■ **Records for this task**
= = =
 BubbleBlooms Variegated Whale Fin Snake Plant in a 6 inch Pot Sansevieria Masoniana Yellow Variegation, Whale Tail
= = =
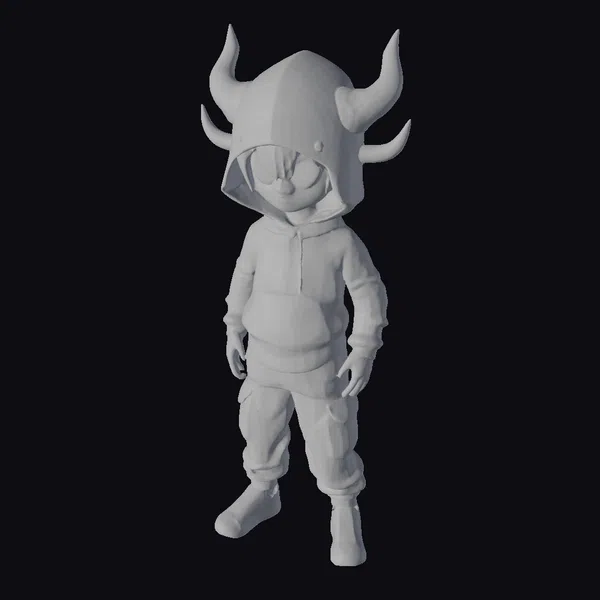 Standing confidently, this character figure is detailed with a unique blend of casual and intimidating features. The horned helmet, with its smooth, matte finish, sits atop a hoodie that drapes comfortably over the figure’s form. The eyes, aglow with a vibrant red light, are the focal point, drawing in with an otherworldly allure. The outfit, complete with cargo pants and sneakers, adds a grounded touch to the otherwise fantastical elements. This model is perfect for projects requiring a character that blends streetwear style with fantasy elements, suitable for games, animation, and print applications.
= = =
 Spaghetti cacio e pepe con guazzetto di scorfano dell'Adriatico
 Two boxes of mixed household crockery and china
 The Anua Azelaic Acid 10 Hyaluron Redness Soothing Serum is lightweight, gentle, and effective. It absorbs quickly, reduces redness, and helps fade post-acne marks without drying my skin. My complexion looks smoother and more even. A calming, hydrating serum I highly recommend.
= = =
■ **Task goal**
Transcribe, exactly and without additions, the lines of the records above, beginning with the line that contains "Two boxes of" and ending with the line that contains "The Anua Azelaic", both included.

■ **Your response**
 Two boxes of mixed household crockery and china
 The Anua Azelaic Acid 10 Hyaluron Redness Soothing Serum is lightweight, gentle, and effective. It absorbs quickly, reduces redness, and helps fade post-acne marks without drying my skin. My complexion looks smoother and more even. A calming, hydrating serum I highly recommend.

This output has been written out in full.